Q: Do you plan to add more aircraft?
A: We will forge forward with our plans to bring in a little bigger aircraft. We're looking at the Q400s (74 seats) which is still a prop aircraft. As far as increasing our service, we're actually concentrating on making travel easier. We're concentrating on a customer care program, our Web site. We're working on a project to make it a lot easier. I'm putting a lot of investment in the customer care program. I want to give good customer service. I want people to enjoy themselves when they fly. Travel has become a very unpleasant situation, with the lines and all of that stuff.
We've worked on our fares, our Web page, some other enhancements that we're looking at. We're going to work at Web check-in and putting kiosks in, that kind of thing.
Q: With high fuel costs, can Hawaiian and Aloha survive if Mesa comes?
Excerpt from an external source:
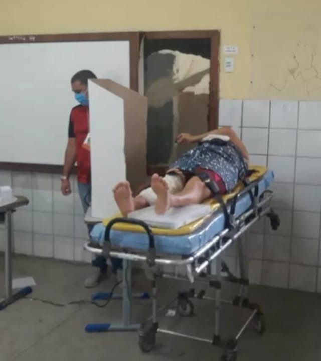 Durante as votações deste domingo (15), uma mulher teve que ir à urna carregada em uma maca, por uma equipe do Serviço de Atendimento Móvel de Urgência (Samu).

A: I think it'll be a challenge. And it's hard for me to say because I don't know what each of their marketing plans is. ... But I know that we're confident in our business plan going forward and what we want to do.
Q: How is the company reorganizing?
A: I want to revamp our training. We've changed so much with the growth. The more people you carry, there is a greater possibility of service failures. So I want to revamp all of that -- the training, the customer-service operations -- to ensure we provide the best service. It's a commitment we're looking from our employees. We want them to feel part ownership in the company. We want them to have pride in the company.
We had all this planned way before Mesa made an announcement. It's something we want Island Air to be known for -- that customer service is excellent. We realized this as we began to grow and began to get some customer complaints. We've basically doubled our staff. We've increased employee pay by 30 percent for over 200 employees -- customer service and maintenance employees.
For so long, interisland travel was just a shuttle. We want to create an experience for people traveling.
» Age: 50
» Born and raised: Lihue, Kauai.
» New job: Island Air promoted Murashige, a 30-year industry veteran, to chief operating officer last month. He joined the turboprop carrier last year when it spun off from the parent company of Aloha Airlines.
» Old job: Vice president of sales and revenue management for Island Air. Before that, he was director of revenue management at Aloha.